_Aim of the exercise_. None of the pictures should be copied, though every line of the listing must be printed exactly.

_Collected material_.
*****
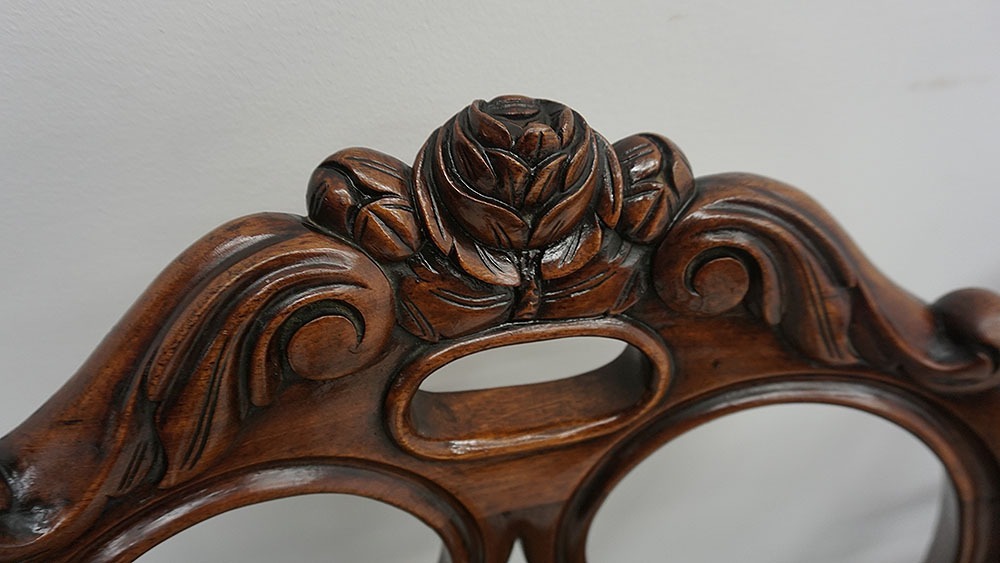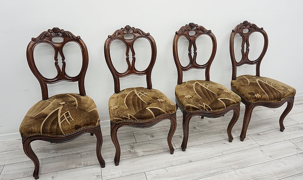 Предметом аукціону є надзвичайно красиві, різьблені стільці, виготовлені з горіхового дерева, у міжвоєнному стилі, з Франції. Крісла виглядають дуже стильно, дуже зручні та функціональні.
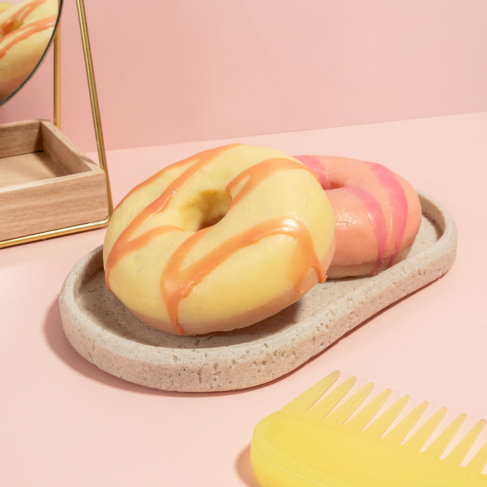 Experience a delightful bath time treat with our larger-than-life soap inspired by our famous jumbo donuts available on the donut wall in our stores. This playful, indulgent soap adds a touch of fun to bath time while moisturizing and softening skin. With ethically sourced palm oil, coconut oil, safflower oil, and glycerin, it leaves skin feeling soft, smooth, and deliciously hydrated.
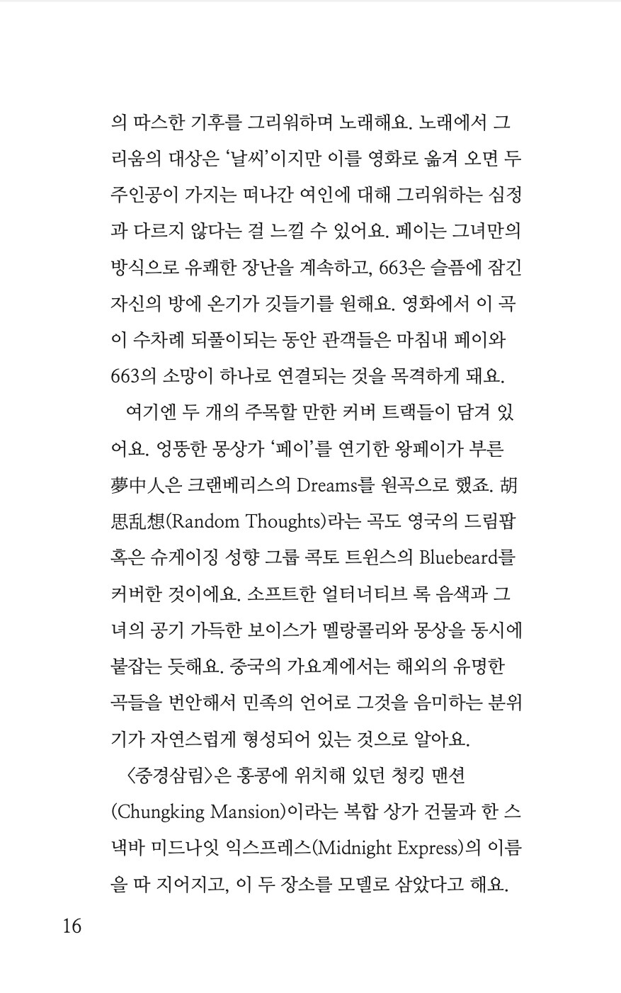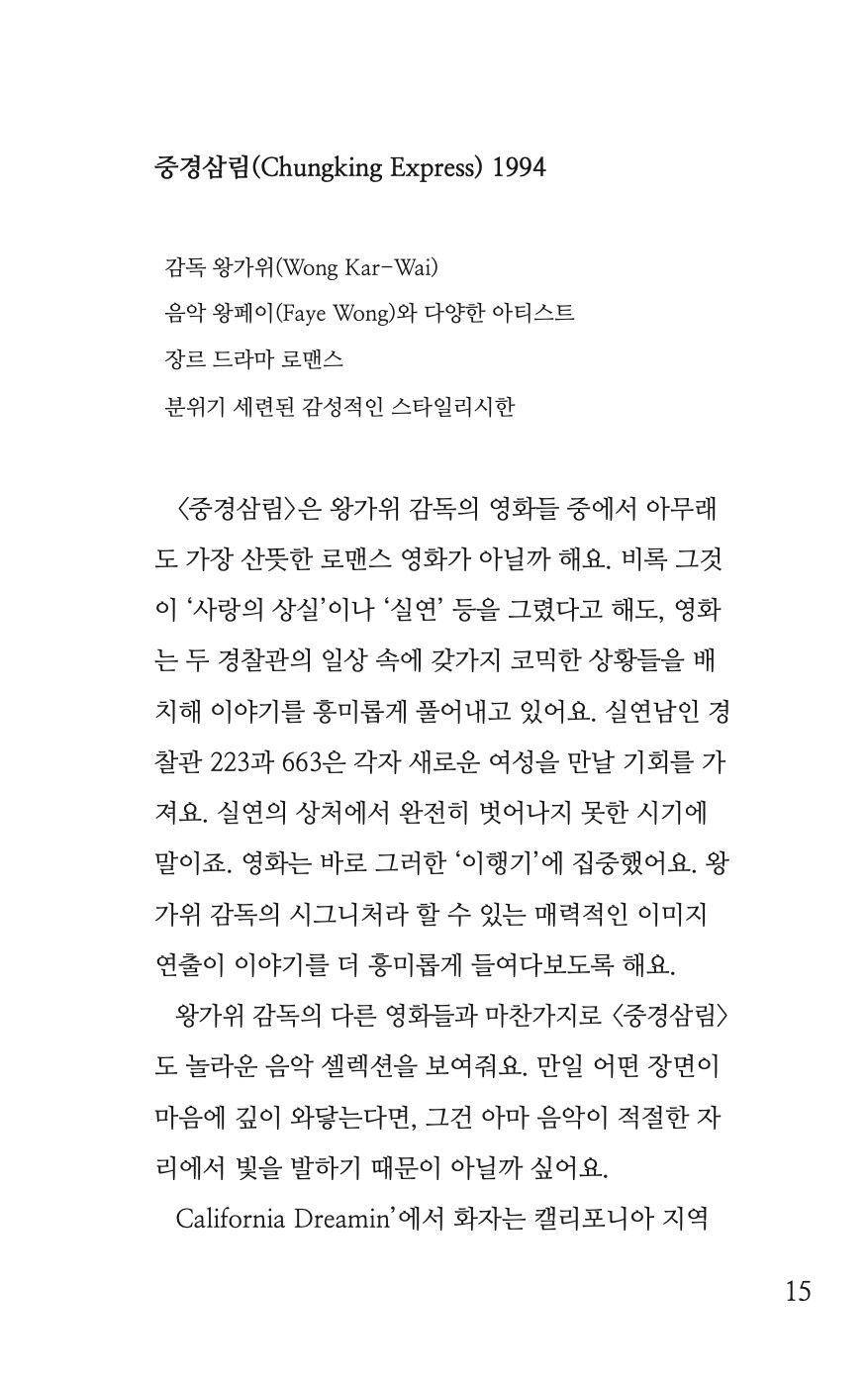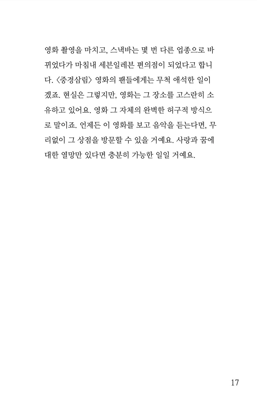 (p.17 <중경삼림> 중에서)<중경삼림>은 홍콩에 위치해 있던 청킹 맨션(Chungking Mansion)이라는 복합 상가 건물과 한 스낵바 미드나잇 익스프레스(Midnight Express)의 이름을 따 지어지고, 이 두 장소를 모델로 삼았다고 해요. 영화 촬영을 마치고, 스낵바는 몇 번 다른 업종으로 바뀌었다가 마침내 세븐일레븐 편의점이 되었다고 합니다. <중경삼림> 영화의 팬들에게는 무척 애석한 일이겠죠. 현실은 그렇지만, 영화는 그 장소를 고스란히 소유하고 있어요. 영화 그 자체의 완벽한 허구적 방식으로 말이죠. 언제든 이 영화를 보고 음악을 듣는다면, 무리없이 그 상점을 방문할 수 있을 거예요. 사랑과 꿈에 대한 열망만 있다면 충분히 가능한 일 일 거예요.
*****
_Answer to this problem_.
 Предметом аукціону є надзвичайно красиві, різьблені стільці, виготовлені з горіхового дерева, у міжвоєнному стилі, з Франції. Крісла виглядають дуже стильно, дуже зручні та функціональні.
 Experience a delightful bath time treat with our larger-than-life soap inspired by our famous jumbo donuts available on the donut wall in our stores. This playful, indulgent soap adds a touch of fun to bath time while moisturizing and softening skin. With ethically sourced palm oil, coconut oil, safflower oil, and glycerin, it leaves skin feeling soft, smooth, and deliciously hydrated.
 (p.17 <중경삼림> 중에서)<중경삼림>은 홍콩에 위치해 있던 청킹 맨션(Chungking Mansion)이라는 복합 상가 건물과 한 스낵바 미드나잇 익스프레스(Midnight Express)의 이름을 따 지어지고, 이 두 장소를 모델로 삼았다고 해요. 영화 촬영을 마치고, 스낵바는 몇 번 다른 업종으로 바뀌었다가 마침내 세븐일레븐 편의점이 되었다고 합니다. <중경삼림> 영화의 팬들에게는 무척 애석한 일이겠죠. 현실은 그렇지만, 영화는 그 장소를 고스란히 소유하고 있어요. 영화 그 자체의 완벽한 허구적 방식으로 말이죠. 언제든 이 영화를 보고 음악을 듣는다면, 무리없이 그 상점을 방문할 수 있을 거예요. 사랑과 꿈에 대한 열망만 있다면 충분히 가능한 일 일 거예요.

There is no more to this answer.